Mobilização regional
A cada ano, o Vale enfrenta problemas com as falhas na prestação do serviço, sobretudo na área de cobertura da RGE. As reclamações se repetem, ainda que a empresa tenha executado melhorias nas redes de energia recentemente. Por isso, líderes regionais e entidades pretendem novamente pressionar por investimentos a curto, médio e longo prazo.
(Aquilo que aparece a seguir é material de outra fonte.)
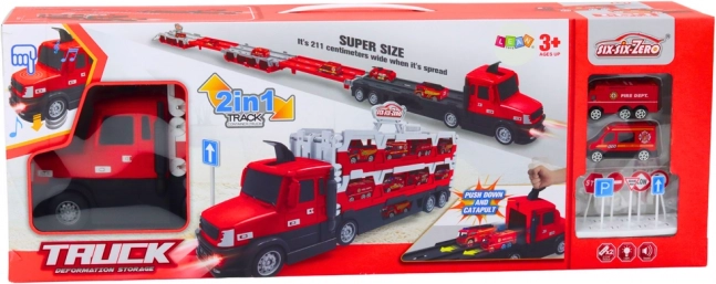 Denne multifunktionelle autotransporter giver dobbelt så meget sjov. I lastbiltilstand transporterer den biler, og når den foldes ud, skaber den en lang racerbane til spændende køreture. Lys og lyde forstærker stemningen ved både løb og redningsmissioner.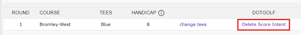 In a tournament where DotGolf is being used, and score intents have already been created, there may come a time where a score intent may need to be deleted. This would typically come up if the player is not intending to post the score, or the player no longer has an active handicap.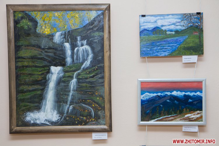 В експозиції представлені живописні твори у жанрі пейзажу та квіткові композиції, виконані олійними фарбами. Роботи створені під час гірських подорожей Карпатами, відпочинку на природі.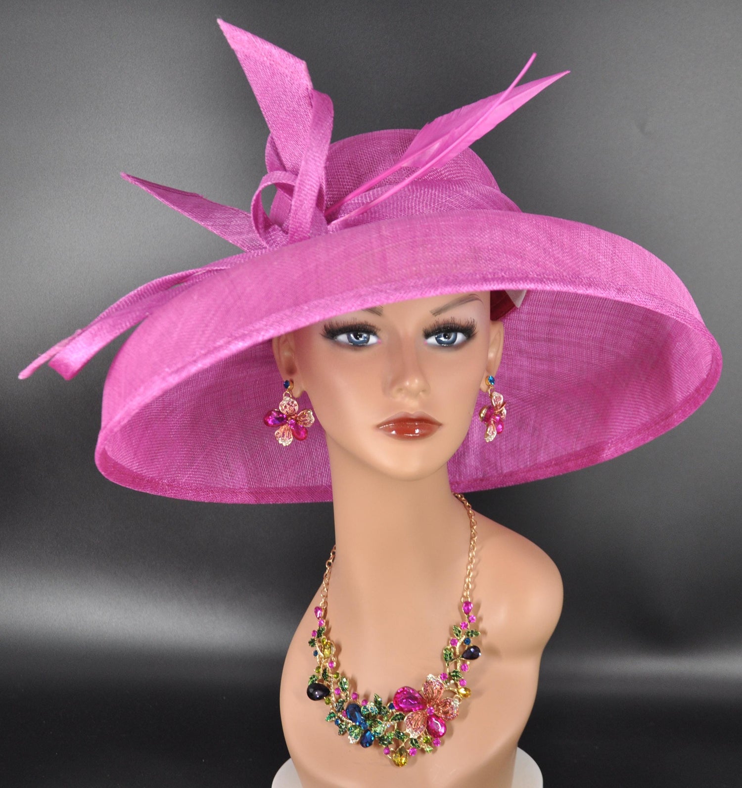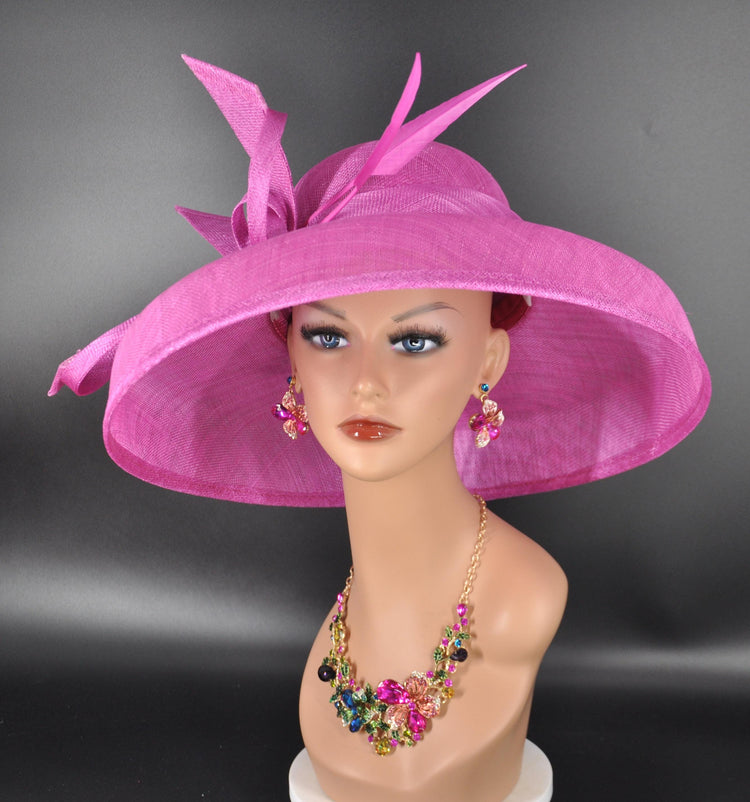 Fuchsia Sinamay Dome Hat: Wide Brim Kentucky Derby Tea Party Hat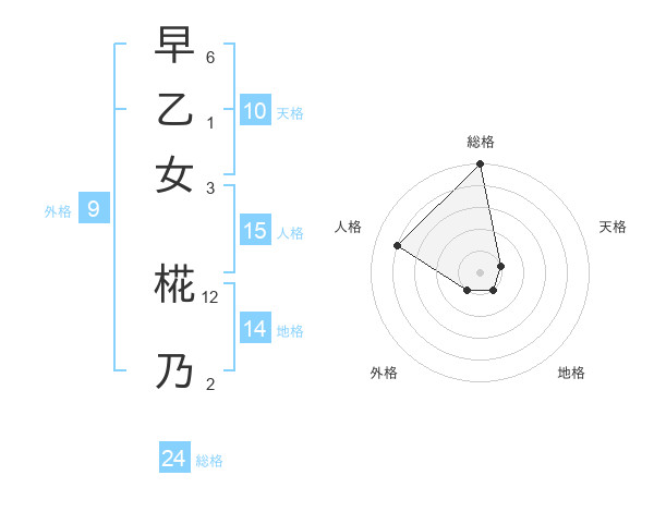 早乙女 椛乃さんの総格は24画の5点!

A primeira mobilização mais efetiva deve partir dos prefeitos. Ainda esta semana, a Associação dos Municípios do Vale do Taquari (Amvat) deve reunir diretoria para discutir ações. A ideia, segundo o presidente Jarbas da Rosa, também prefeito de Venâncio Aires, é buscar uma audiência com a RGE em fevereiro.
Presidente do Conselho de Desenvolvimento do Vale do Taquari (Codevat), Luciano Moresco participou de forma ativa, em 2022, da mobilização que resultou na apresentação de um amplo pacote de investimentos por parte da RGE. Lembra que, na ocasião, houve avanços importantes, mas entende ser necessário um novo movimento da sociedade.
A estratégia, para Moresco, deve seguir o exemplo de dois anos atrás, quando o grupo buscou apoio do Ministério Público. “Quando se colocou a figura do procurador-geral, deu outro peso ao enfrentamento. Pedimos uma audiência com urgência e vamos encaminhar e-mails para todas as prefeituras do Vale para que informem os problemas com energia elétrica, seguindo um modelo que deu certo naquela ocasião”, afirma.
Mais de uma década
- 2011: Constantes reclamações no abastecimento e manutenção da rede elétrica pautam reuniões entre prefeitos da região e diretoria da AES Sul;
- 2012: Pressionada, diretoria da AES Sul anuncia investimento de R$ 17 milhões para melhoria do serviço na região, com construção de subestações de energia elétrica; Mesmo com a garantia da concessionária, empresários da região, por meio da CIC Vale do Taquari, mobilizam entidades em busca de apoio para atendimento das demandas;
- 2014: Após novos problemas no fornecimento, líderes regionais vão à Assembleia Legislativa para cobrar, da AES Sul, investimentos e planos para garantir o abastecimento de energia;
- 2016: Companhia Paulista de Força e Luz (CPFL) anuncia acordo para compra da AES Sul, em uma negociação bilionária. No mesmo ano, RGE promete investimento de R$ 1 bilhão, inclusive em municípios do Vale do Taquari;
- 2017: Ano começa com transtornos para produtores de Santa Clara do Sul, que ficam mais de 30 horas sem luz. Em outubro, após temporal que devastou municípios, energia demora para voltar em diversos pontos. Produtores de leite estão entre os mais afetados;
- 2019: Procon entra em ação e convoca RGE para esclarecimentos devido a quedas constantes. Produtores vão à Justiça; Pressionada, RGE entrega plano de investimentos e promete melhorias ao longo do ano;
- 2020: Campo sofre com as sucessivas quedas de energia, em meio a um período de estiagem severa em todo o Vale e também começo da pandemia de covid-19;
- 2021: Prejuízos se multiplicam no interior, sobretudo em Arroio do Meio. Líderes regionais, com apoio da Amvat e do Codevat, cobram RGE, que apresenta novo plano de melhorias;
- 2022: Só entre janeiro e março, são pelo menos 15 reportagens no A Hora que tratam da falta de energia elétrica na região. Em cena marcante, produtores jogam leite na fachada da concessionária; Pressão regional surte efeito e RGE anuncia pacote de investimentos de R$ 430 milhões à região, com promessa de aplicação até 2026.